Late Breaking Results: A RISC-V ISA Extension for Chaining in Scalar Processors

Late Breaking Results: A RISC-V ISA Extension for Chaining in Scalar Processors

Abstract

Modern accelerators relying on scalar in-order cores often suffer from pipeline stalls, an issue traditionally mitigated by loop unrolling which increases undesirable register pressure. This work introduces 'scalar chaining,' a novel hardware-software solution implemented as a RISC-V ISA extension to eliminate these stalls while maintaining flexibility.
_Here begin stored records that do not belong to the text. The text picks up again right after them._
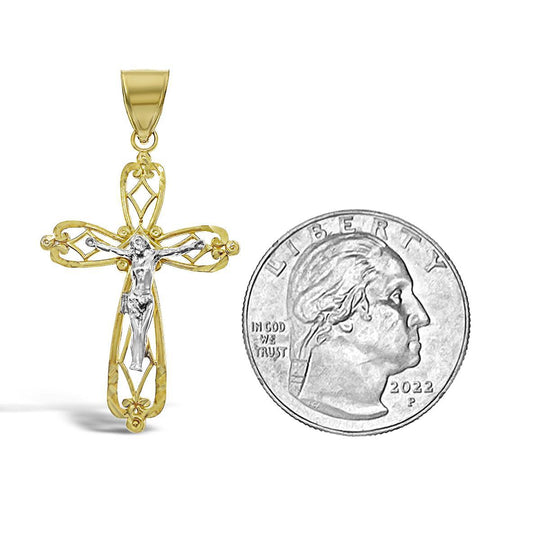 Cross Jesus Crucifix Pendant Real 10k Yellow White Gold Charm 1.5 inch
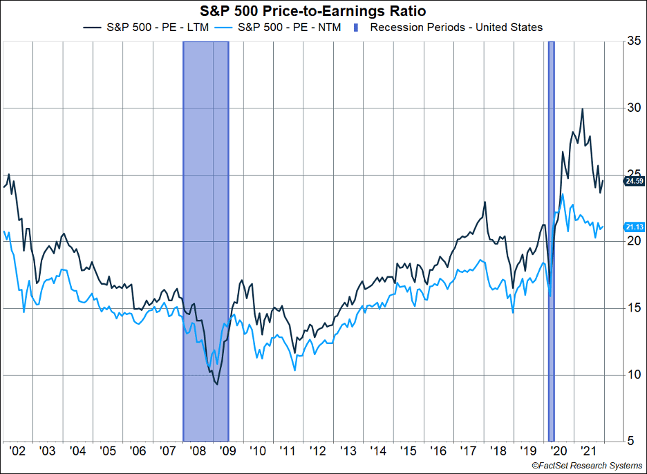 Earnings are likely to have grown more than 45% in 2021, based on the first three quarters of results and estimates for the fourth quarter. As shown in Figure 1, the strong earnings growth allowed the price-to-earnings (P/E) ratio to drop in 2021 even though markets moved significantly higher. While valuations have declined, they remain above average and are being supported by low bond rates. Figure 1 shows the next 12-month earnings (NTM) have fallen from a peak of 30 to just under 25. The last 12 months (LTM) P/E ratio has also declined.
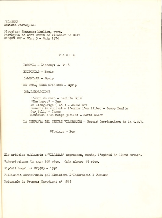Gràcies a la col·laboració entre l’Arxiu Municipal de Vilassar de Dalt i l’Arxiu Comarcal del Maresme, s’han digitalitzat i posat a disposició per a consulta online les publicacions locals de Vilassar de Dalt conservades a l’hemeroteca. Es tracta de La Veu. Butlletí parroquial (1964-1968), El Vilassar (1970-1974), L’Ase penjat (1985) i Ipsa Arca (1999-2004).
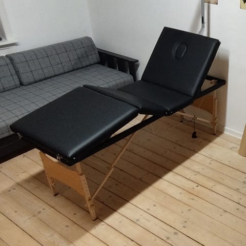 Pæn brugt briks med brugsspor, som vist på billeder. Nakke- og ansigtspude aldrig brugt og stadig i plastic

Applied specifically to register-limited stencil codes, this extension achieves impressive results, demonstrating >93% FPU utilization, a 4% speedup, and 10% higher energy efficiency over highly-optimized baselines.

Report

Key Highlights

  • Target Architecture: Focuses on improving performance in area- and energy-efficient scalar in-order cores (Processing Elements or PEs), commonly used in modern general-purpose accelerators.
  • Core Innovation: Proposes "scalar chaining," a hybrid hardware-software solution implemented as a RISC-V Instruction Set Architecture (ISA) extension.
  • Problem Solved: Addresses pipeline stalls without the negative side effect of high register pressure, which plagues traditional software optimization methods like loop unrolling.
  • Performance Gains: Achieves robust performance metrics, including greater than 93% FPU utilization, a 4% speedup, and a 10% increase in energy efficiency on average.
  • Open Source: The implementation is fully open source, ensuring performance experiments are reproducible using free software.

Technical Details

  • Mechanism: The solution is termed "scalar chaining," suggesting a data-forwarding or dependency-handling mechanism built directly into the processor pipeline, managed through the new ISA instructions.
  • Implementation Base: The chaining is integrated as an extension to the RISC-V ISA.
  • Optimization Target: Specifically demonstrated to be effective on register-limited stencil codes, a class of computationally intensive kernels frequently used in accelerators.
  • Context: The innovation directly addresses the sensitivity of in-order core pipelines to stalls, maximizing resource usage (FPU).

Implications

  • Accelerator Design: This extension enhances the feasibility and efficiency of using simple, low-power scalar in-order cores in accelerators, offering high performance without requiring complex out-of-order execution logic.
  • RISC-V Ecosystem Growth: By providing a standardized, open-source ISA extension for chaining, it creates a crucial optimization lever for vendors building RISC-V based PEs and compute fabrics.
  • Energy Efficiency: The 10% increase in energy efficiency is highly significant for devices operating under stringent power delivery and thermal dissipation constraints, common in edge computing and HPC.
  • Software Flexibility: It allows compiler writers and application developers to mitigate latency stalls effectively, offering better performance than pure software approaches without sacrificing register space for aggressive loop transformations.